Seine Unsicherheit verfliegt. Er scherzt mit ihr. Er findet die richtigen Worte. Ihm kommt es so vor, als ob er plötzlich gewachsen sei. Verschwunden diese kleinlaute Haltung, verschwunden die Unsicherheit. Als ob er ein ganz anderer Mensch ist.

Wie zufällig berührt er sie, während er mit ihr redet. Liebevoll lächelt er sie an. Sie prosten sich zu und sehen sich in die Augen. Mag sie ihn etwa?

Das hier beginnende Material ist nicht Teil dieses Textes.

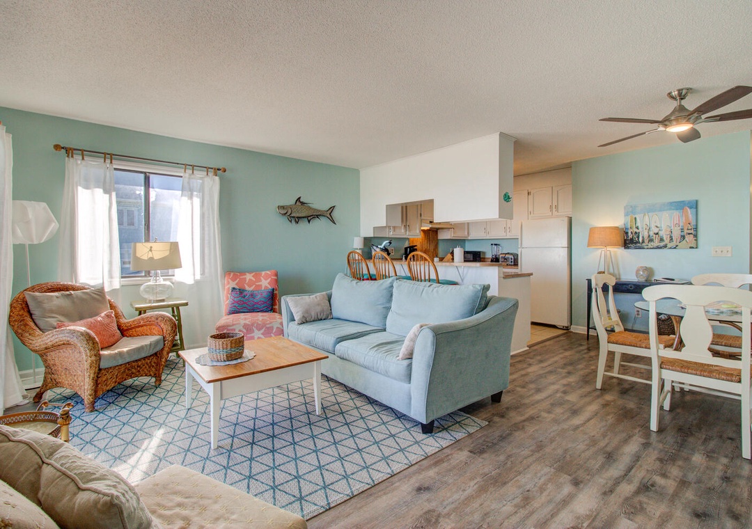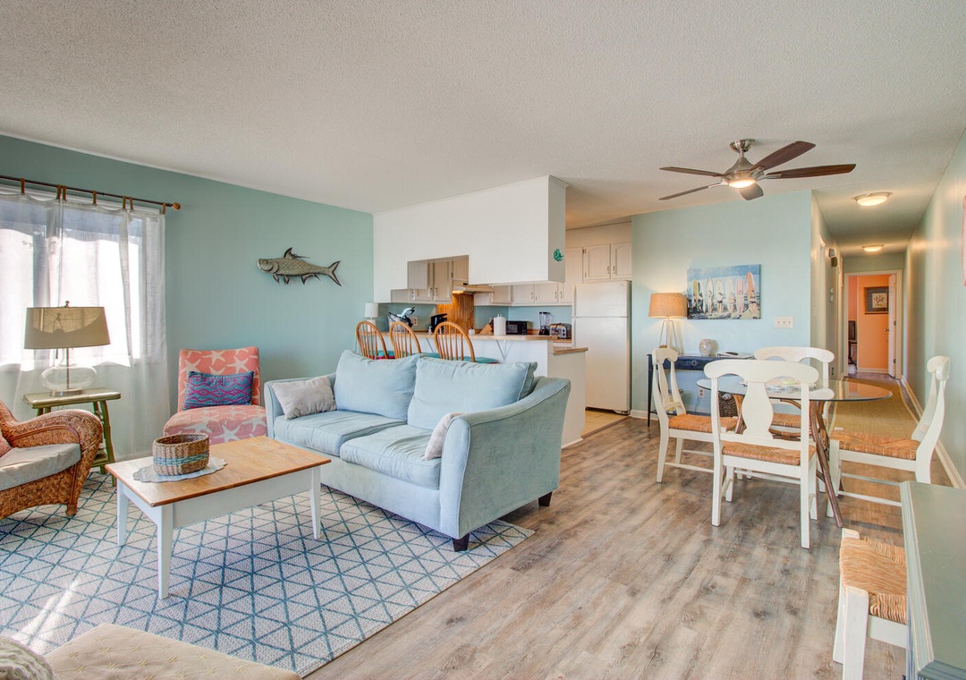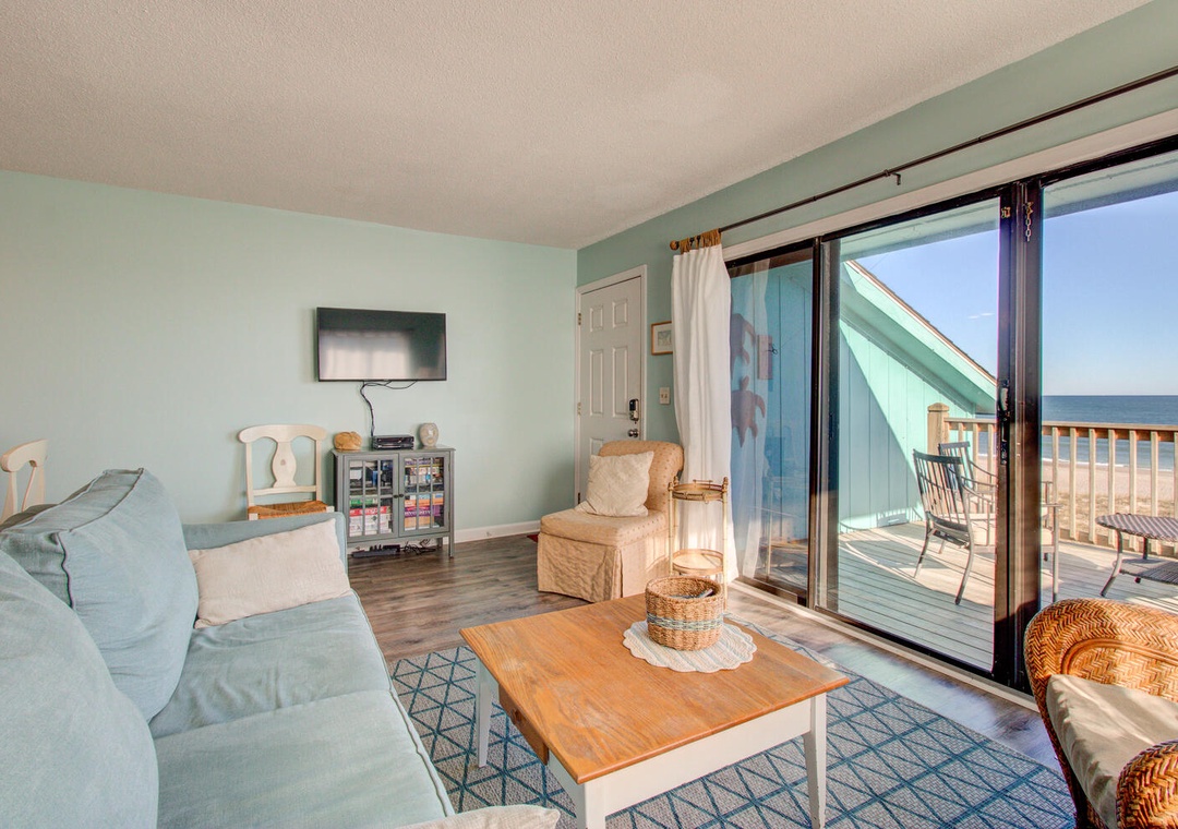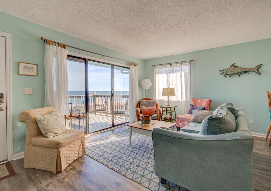 The condo comes fully equipped with all the amenities you need, from central air and complimentary Wi-Fi to cable TV, fresh linens, and laundry facilities. The bright and airy living room with deck access is perfect for relaxing after a day out, and the condo’s location makes exploring the best of Carolina Beach a breeze. With nearby favorites like Britt's Donuts and local eateries just a walk or short drive away, you’ll find the ideal balance of adventure and relaxation here at our inviting oceanfront getaway.

Ihre dunklen Augen sehen ihn klar und offen an. Schweigen. Aber es ist ein angenehmes Schweigen, wie eine Art Zustimmung. Keinen Moment fühlt er sich unwohl, seit sie bei ihm ist. „Ich freue mich, bei dir zu sein. Es ist gemütlich hier bei dir“. Gerade will er widersprechen, da legt sie ihre Hand auf seine. „Das habe ich mir so lange gewünscht. Ich habe heute meinen ganzen Mut zusammennehmen müssen, um dich anzurufen“, gesteht sie ihm. Das macht ihn nun vollends sprachlos. Sie und Mut zusammennehmen? Diese selbstbewusste Frau? „Ich mag dich nämlich sehr“. Er blickt sie forschend an. Sie meint, was sie sagt. Sie meint es wirklich ehrlich. Zärtlich lehnt sie sich an ihn. „Ich mag dich auch sehr“, stammelt er unbeholfen und legt seinen Arm um ihre Schultern.

„Guten Morgen allerseits“, tönt er in das Großraumbüro. „Ein herrlicher Tag heute, nicht wahr?“ Beschwingten Schrittes holt er sich einen Kaffee, geht an seinen Schreibtisch und lächelt glücklich.